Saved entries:

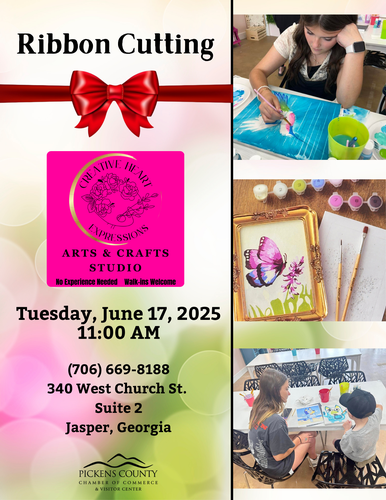 Join us for Creative Heart Expressions Ribbon Cutting on Tuesday, June 17, 2025. The Ribbon Cutting will begin at 11:00 am at 340 West Church St. Suite 2, Jasper, Georgia. These events are open to the public and free to attend. We look forward to seeing everyone there.
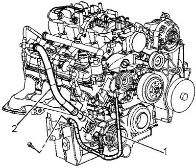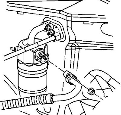 2. Отверните болт крепления шланга подвода хладагента к компрессору кондиционера. Момент затяжки 16 Н·м.
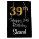 Den här sofistikerade, lyxaktiga och elegant-matade presentsäcksdesignen har ett stort ordnummer "39:e" med ett imitation/faux-guld-inspirerat utseende, tillsammans med hälsning-födelsedagstecknet "Lycklig 39:e födelsedagen" och en anpassningsbar mottagare namn i ett skript-stil-teckensnitt. Bakgrunden är svart på färgad. En sådan här presentpåse på snyggtens födelsedag kan vara ett roligt sätt att figurera en gåva eller present som ges för att fira någons trettionionde födelsedag. [~Z0000514]
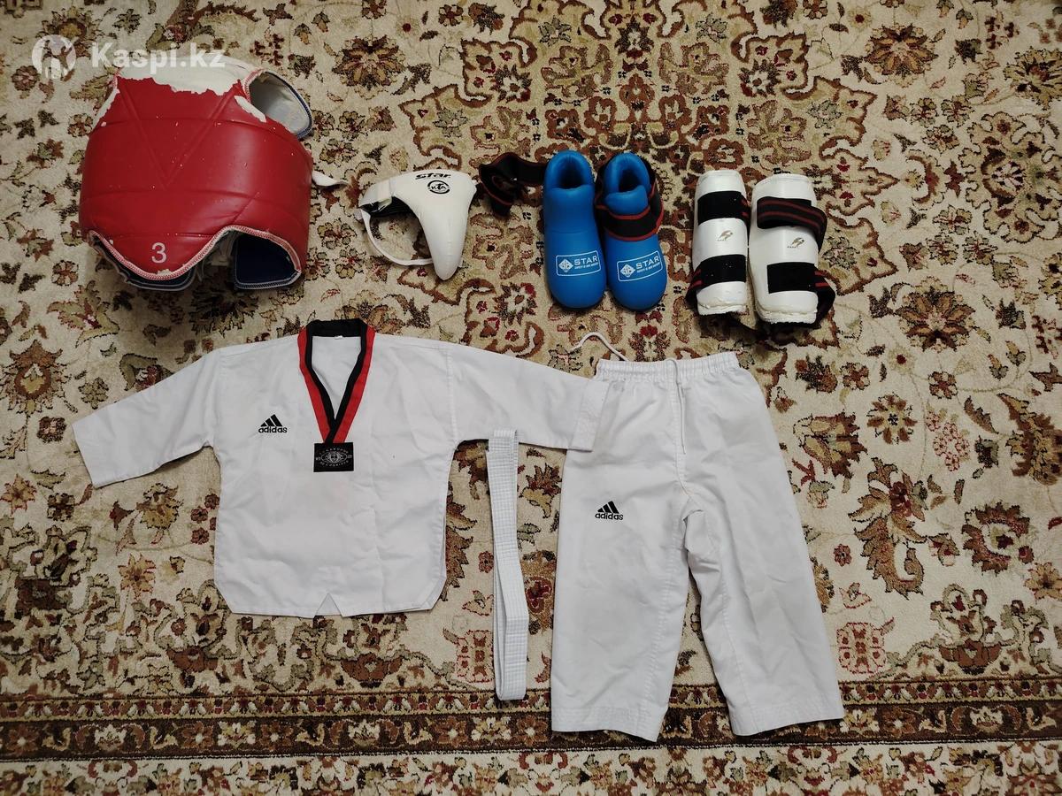 Все за 7000 тг отдам, инвентарь подойдет от 6 до 10 лет, кимоно на 6-7 лет. В нормальном состоянии не порваны ничего нигде, только защита немного облазить начала
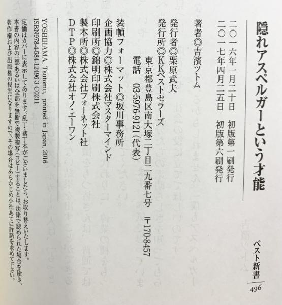 隠れアスペルガーという才能 (ベスト新書) ベストセラーズ 吉濱 ツトム
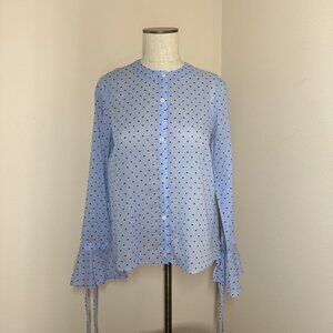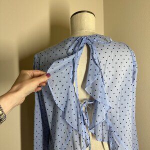 Robert Rodriguez Polka Dot Open Back Top Womens Size 6 Ruffle Cuff Feminine Blue

### [Work to be completed]
Extract, word for word, each line from the top of the data down to and including the line with "2. Отверните болт"; skip the pictures.

### [Answer box]
 Join us for Creative Heart Expressions Ribbon Cutting on Tuesday, June 17, 2025. The Ribbon Cutting will begin at 11:00 am at 340 West Church St. Suite 2, Jasper, Georgia. These events are open to the public and free to attend. We look forward to seeing everyone there.
 2. Отверните болт крепления шланга подвода хладагента к компрессору кондиционера. Момент затяжки 16 Н·м.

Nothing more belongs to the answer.